我们有一个客户端服务器设置，其中客户端设置一个 SSH 隧道并使用端口转发将数据发送到服务器：

ssh -N -L 5000:localhost:5500 user@serveraddress

服务器上的正常 SSH 连接数为~150，当一切正常时，服务器软件处理传入连接的速度非常快（最多几秒钟）。

然而，最近我们注意到 SSH 连接数上升到 900+。此时，服务器软件看到与其连接的连接并接受这些连接，但没有数据传入。

有人在 SSH 中遇到过这种症状吗？对问题可能是什么有什么想法吗？

Server OS: Red Hat Linux 5.5
Firewall: Disabled
Key Exchange: Tested

编辑：在服务器端从 /var/log/secure 添加部分日志数据

日志文件中似乎有很多以下内容。

Apr 10 00:07:33 myserver sshd[15038]: fatal: Write failed: Connection timed out
Apr 10 00:12:01 myserver sshd[5259]: fatal: Read from socket failed: Connection reset by peer
Apr 10 00:44:48 myserver sshd[17026]: fatal: Write failed: No route to host
Apr 10 02:09:16 myserver sshd[10398]: fatal: Read from socket failed: Connection reset by peer
Apr 10 02:22:47 myserver sshd[24581]: fatal: Read from socket failed: Connection reset by peer
Apr 10 03:05:57 myserver sshd[12003]: fatal: Read from socket failed: Connection reset by peer
Apr 10 03:23:19 myserver sshd[22421]: fatal: Write failed: Connection timed out
Apr 10 08:13:43 myserver sshd[31993]: fatal: Read from socket failed: Connection reset by peer
Apr 10 08:36:39 myserver sshd[7759]: fatal: Read from socket failed: Connection reset by peer
Apr 10 09:02:32 myserver sshd[12470]: fatal: Write failed: Broken pipe
Apr 10 12:08:05 myserver sshd[728]: fatal: Write failed: Connection reset by peer
Apr 10 12:35:53 myserver sshd[6184]: fatal: Read from socket failed: Connection reset by peer
Apr 10 12:43:14 myserver sshd[2663]: fatal: Write failed: Connection timed out

笔记：在超过 900 个连接的情况下，大约 10-15 分钟后，系统将自行恢复 - 连接数将降至正常范围，服务器将再次开始获取数据。这听起来像是 DOS/DDOS，但这是在内部网络上。

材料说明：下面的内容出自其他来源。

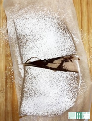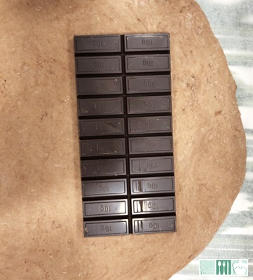 Poner la tableta de chocolate en un lateral y cubrirla con la otra mitad de la masa.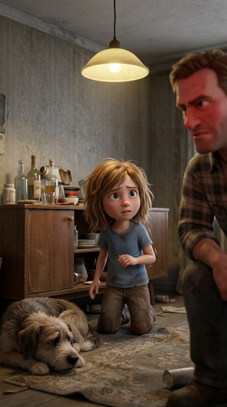 Art style: 3D Pixar. Та же гостиная с сервантом, бутылками. Крупный план с низкого угла, Тася теперь в центре кадра, вылезает из укрытия, стоит на коленях, тело дрожит, взгляд на отца в центре справа. Собака Берта в левом углу скулит, свернувшись. Свет лампы теплеет слегка, тени смягчаются. Атмосфера перехода от укрытия к смелости, серые тона с жёлтым бликом. ━━━━━━━━━━━━━━━━━━━━━━━━━━━━━━━━━━━━━━ FINAL STYLE ENFORCEMENT (this is the authoritative rendering directive — it overrides any style wording elsewhere in the prompt): Render this image entirely in "3D Pixar" style. Match the lighting grammar, material response, colour science, level of realism / stylisation, line weight, and shading model typical of "3D Pixar". Keep the subject, composition, camera angle, lighting direction, and colour palette from the description above — but EVERY surface, skin, fabric, material, and environmental element must be rendered in the "3D Pixar" idiom, not in any other medium. Character appearance reference (MUST match exactly): - Тася: Девочка 8 лет с выразительными большими глазами, полными страха и решимости, худощавого телосложения, с растрёпанными светло-каштановыми волосами до плеч, бледной кожей с лёгкими веснушками, одета в простую потрёпанную детскую одежду 90-х: выцветшая футболка и штаны с заплатами. Лицо с напряжёнными чертами, слегка заикающийся рот, взгляд настороженный и взрослый не по годам. Фон — сумрачная квартира с обшарпанными обоями, тусклый свет от лампы. Атмосфера одиночества и напряжения, тёплые тона с серыми тенями, реалистичный стиль с акцентом на эмоции. - Отец: Мужчина 35-40 лет, крепкого сложения с красным от алкоголя лицом, щетиной, растрёпанными тёмными волосами, налитыми кровью глазами в ярости. Одет в грязную рубашку с расстёгнутым воротником и старые брюки. Руки сжаты в кулаки, поза угрожающая. Фон — захламлённая комната с разбитой посудой. Тусклый свет лампы, создающий жёсткие тени, доминируют красные и серые тона, реалистичный стиль с драматическим освещением.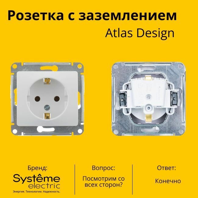 Отзывы на Розетка электрическая Systeme Electric Atlas Design с заземлением, 16А Белая ATN000143 - 6 шт.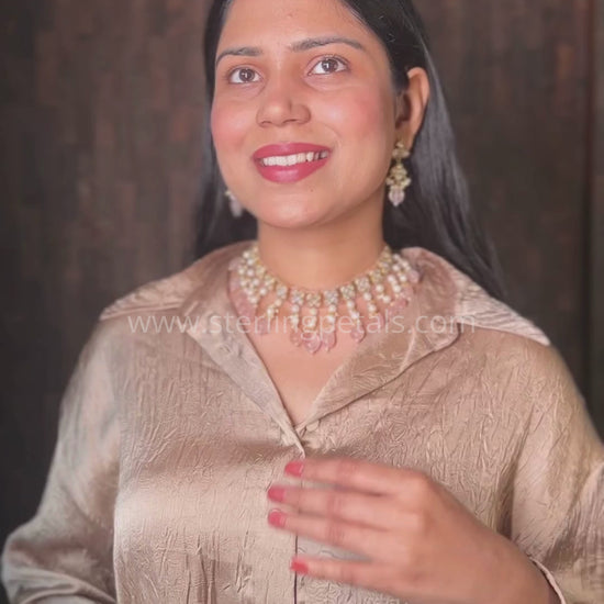 Soft, romantic, and feminine — this choker is adorned with rose quartz drops, pearls, and shimmering Kundan motifs. Its balanced design and matching earrings create an enchanting and graceful look for weddings, engagements, or evening soirées.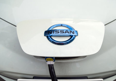 Sochi, Russia - February 2023, 23: Nissan Leaf open charging hatch with cable connected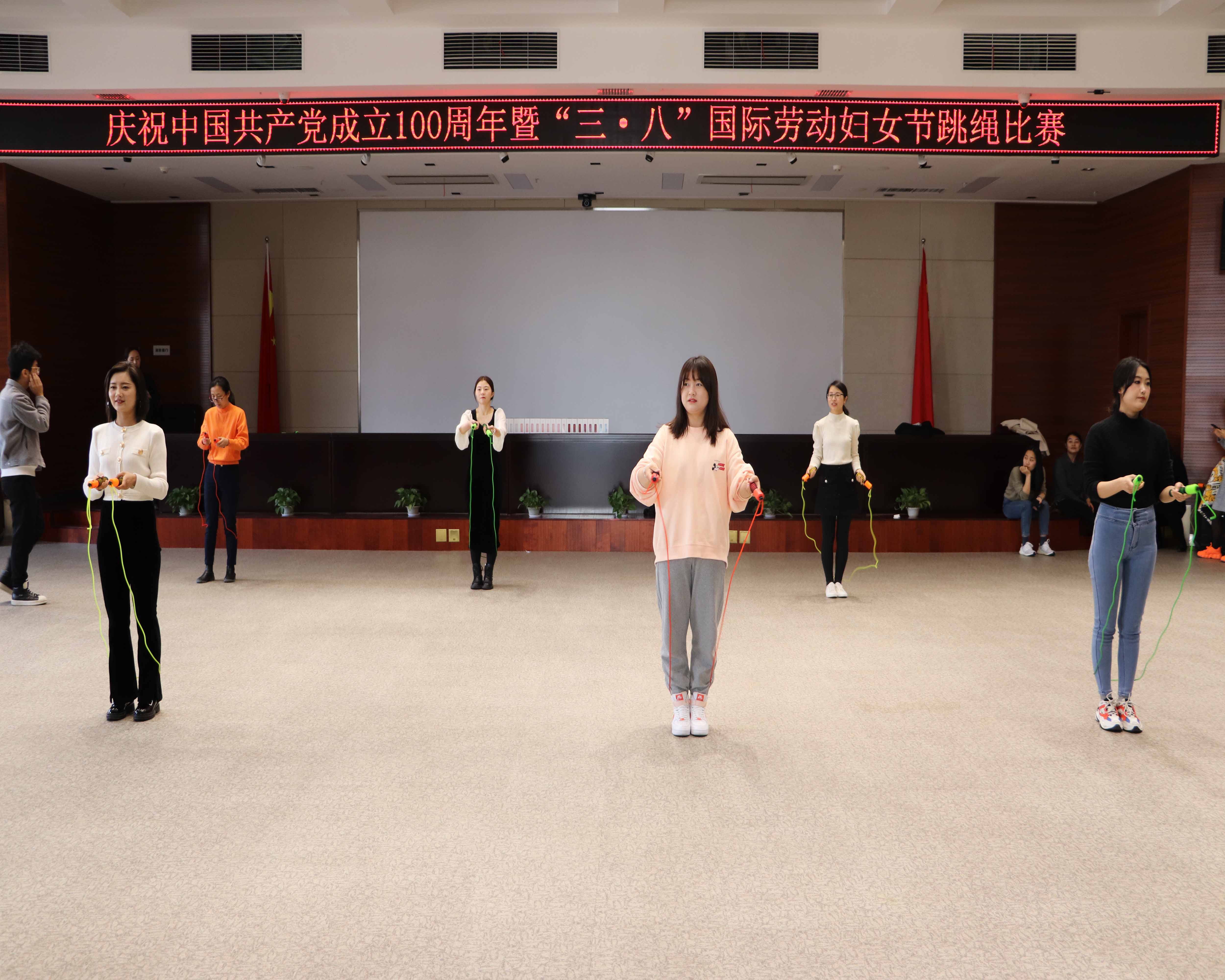 為慶祝中共共產(chǎn)黨建黨100周年,活躍公司廣大女職工業(yè)余生活,增強(qiáng)公司女職工的凝聚力和向心力,使公司女職工度過(guò)一個(gè)幸福、祥和、充實(shí)、快樂(lè)的節(jié)日,公司工會(huì)于3月8日上午在公司五樓大會(huì)議室開(kāi)展了慶祝中國(guó)共產(chǎn)黨成立100周年暨“三•八”國(guó)際勞動(dòng)?jì)D女節(jié)跳繩比賽。

附录：根据 @kranteg 的问题检查了连接状态。我们刚刚又遇到了一次中断，以下是我为所有传入 SSH 连接编写的脚本得出的结果：

===                                                        
Tue Apr 15 12:22:07 EDT 2014 -> Total SSH connections: 996 
===                                                        
0 SYN_SENT                                             
1 SYN_RECV                                             
0 FIN_WAIT1                                            
0 FIN_WAIT2                                            
15 TIME_WAIT                                            
0 CLOSED                                               
760 CLOSE_WAIT                                           
143 ESTABLISHED                                          
77 LAST_ACK                                             
0 LISTEN                                               
0 CLOSING                                              
0 UNKNOWN                                              
===                                                        
===
Tue Apr 15 12:22:17 EDT 2014 -> Total SSH connections: 977
===
0 SYN_SENT
2 SYN_RECV
1 FIN_WAIT1
0 FIN_WAIT2
15 TIME_WAIT
0 CLOSED
756 CLOSE_WAIT
127 ESTABLISHED
76 LAST_ACK
0 LISTEN
0 CLOSING
0 UNKNOWN
===
===
Tue Apr 15 12:22:26 EDT 2014 -> Total SSH connections: 979
===
0 SYN_SENT
2 SYN_RECV
1 FIN_WAIT1
0 FIN_WAIT2
12 TIME_WAIT
0 CLOSED
739 CLOSE_WAIT
148 ESTABLISHED
77 LAST_ACK
0 LISTEN
0 CLOSING
0 UNKNOWN
===

看起来中的连接数出现了跳跃CLOSE_WAIT。在“正常”操作期间，中的连接数为CLOSE_WAIT或者0非常接近。

答案1

我不知道这是否是正确的解决方案，但它对我们有用。希望它至少能为其他人指明正确的方向，即使它不能完全解决问题。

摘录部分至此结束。